Well....maybe I'll have to rethink my theory. 

We went today and did so-so. With me and my 11 year old son we only managed 50 or so in 4-5 hours. 

Had to finally bail because the wind kicked up HARD! Must have been blowing 15-20 knots out of the south. It was whitecapping in the shallows we were scalloping. 

Looked up and we were the only ones out!

Headed in and it was rough! Got our to the middle of the bay on the way back to Presnells and it was easy 2ft with easily some 3-4's in there!

Loaded on the trailer and the guys at Presnells said everyone they talked to the past few days have been getting way less than we did today. 

He said most only get single digits?!? (7-8) 

It's only day 1. I will post a separate report later in the week. 

Sorry to sorta hi-jack this one...but....


----------



## JMB (Jan 2, 2009)

Last Drop said:


> Any suggestions on a good cheap place to stay? This will be my rodeo. I'm taking my 18 yr son and a couple of his buddies!


Can't help you there much. 

Most places are houses and rent mostly by the week, which can get pricey. 

We did find a place years ago when we first came for just 3 days for something like $400? 

Just try and find some VRBO (vacation rentals by owner) for the area. 

Might find something to your needs. 

Good luck and I'm sure y'all have a great time! Some things are hard to put a price on! Spending some time with your son will be priceless. Especially since he will we out of the "nest" soon!

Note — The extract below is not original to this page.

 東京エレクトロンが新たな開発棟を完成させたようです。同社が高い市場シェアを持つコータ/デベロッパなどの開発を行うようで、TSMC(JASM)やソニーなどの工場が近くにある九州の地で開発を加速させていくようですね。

P.S. I think Scallop Cove Cottages are reasonable. Check there. 
http://www.vrbo.com/vacation-rental...-north-west/cape-san-blas/scallop-cove-villas


----------



## hyco (Oct 24, 2008)

If you have a camper we stay at dead lakes campground in wewa. No tourist and a real nice place.


----------



## cape 24 (Oct 23, 2014)

Last Drop said:


> Any suggestions on a good cheap place to stay? This will be my rodeo. I'm taking my 18 yr son and a couple of his buddies!

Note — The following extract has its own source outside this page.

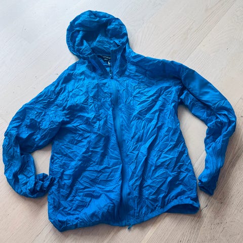 Superlett vindjakke i Ultralight Nylon for tur og fritid. Jakken er vindtett og vannavvisende. Beskytter mot UV-stråler. Fast hette. Lomme på venstre arm til nøkler og annet småtteri. Tar minimalt med plass i sekken eller sykkelveska.

 Dixie belle motel or mainstay suites. Both are in port st joe.


----------



## NoMoSurf (Oct 2, 2007)

I go down to Mexico Beach every year for about 15 years now. My buddy's family has a place there and has been going all of his 40+ years. Every other year or so, we give scalloping a try and never find any. I think we have found 6-8 in all 15 years put together. I've always been reluctant to sift through the grass due to all of the urchins. I never knew how bad the sting was. Next year, maybe we will give it a try. It looks like we have been searching WAY too shallow as well. We've been in 1-3ft of water.


----------